* [Exercise] Set down the first line below and each line after it, ending with the one that holds "Wildeiche massiv geölt". Pictures do not belong in the copy.

[Source material — start]

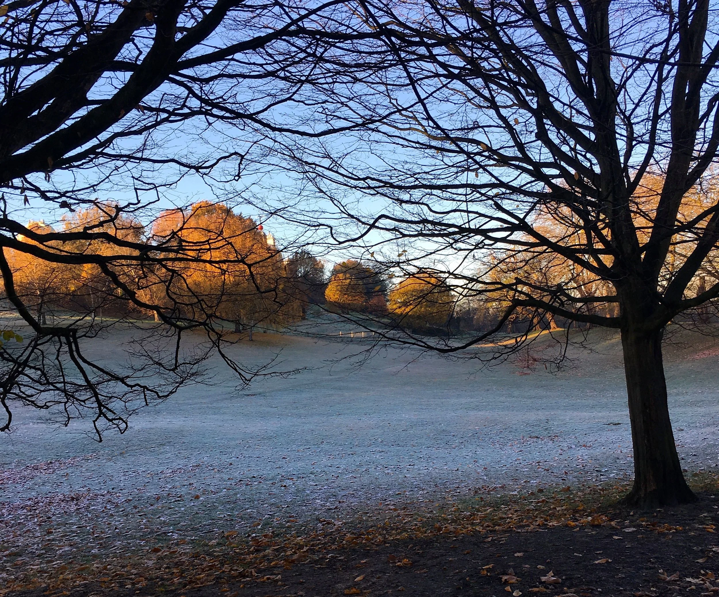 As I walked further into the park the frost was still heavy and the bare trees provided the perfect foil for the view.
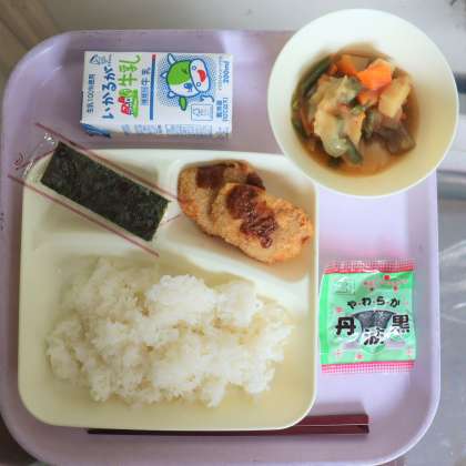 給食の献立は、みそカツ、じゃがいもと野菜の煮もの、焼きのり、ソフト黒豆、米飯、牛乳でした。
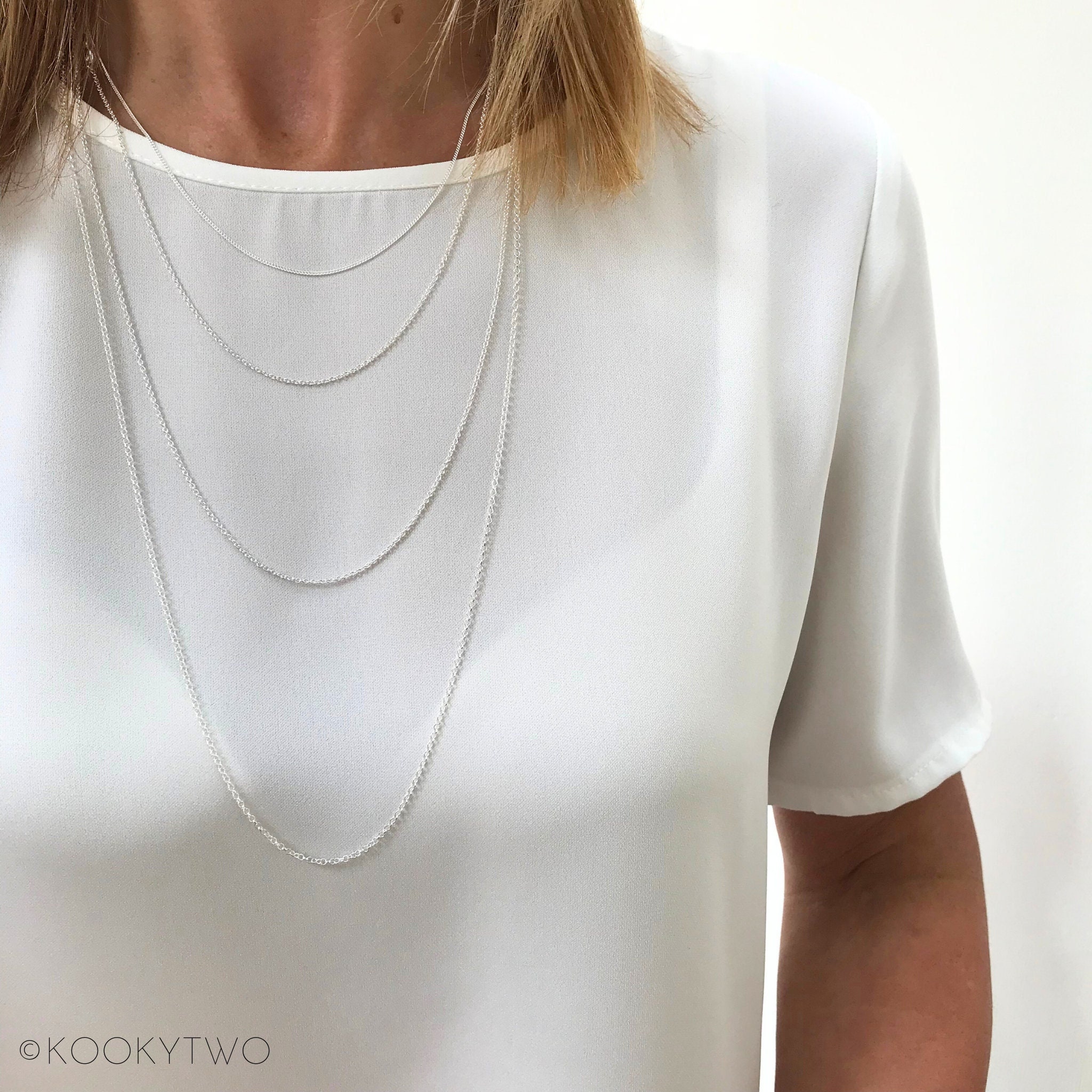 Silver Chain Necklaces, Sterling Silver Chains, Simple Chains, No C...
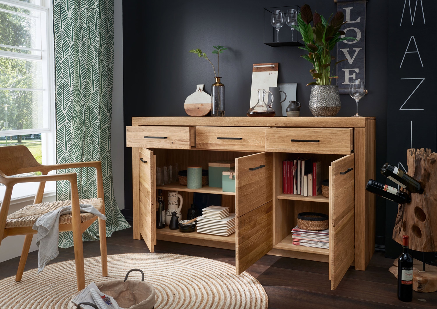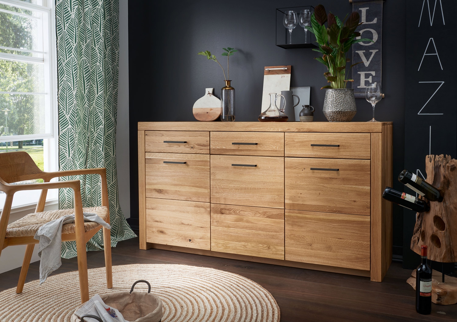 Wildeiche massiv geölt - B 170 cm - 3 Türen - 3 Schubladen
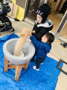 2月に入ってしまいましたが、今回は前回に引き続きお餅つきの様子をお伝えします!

[Source material — finish]

* [Output for this exercise]
 As I walked further into the park the frost was still heavy and the bare trees provided the perfect foil for the view.
 給食の献立は、みそカツ、じゃがいもと野菜の煮もの、焼きのり、ソフト黒豆、米飯、牛乳でした。
 Silver Chain Necklaces, Sterling Silver Chains, Simple Chains, No C...
 Wildeiche massiv geölt - B 170 cm - 3 Türen - 3 Schubladen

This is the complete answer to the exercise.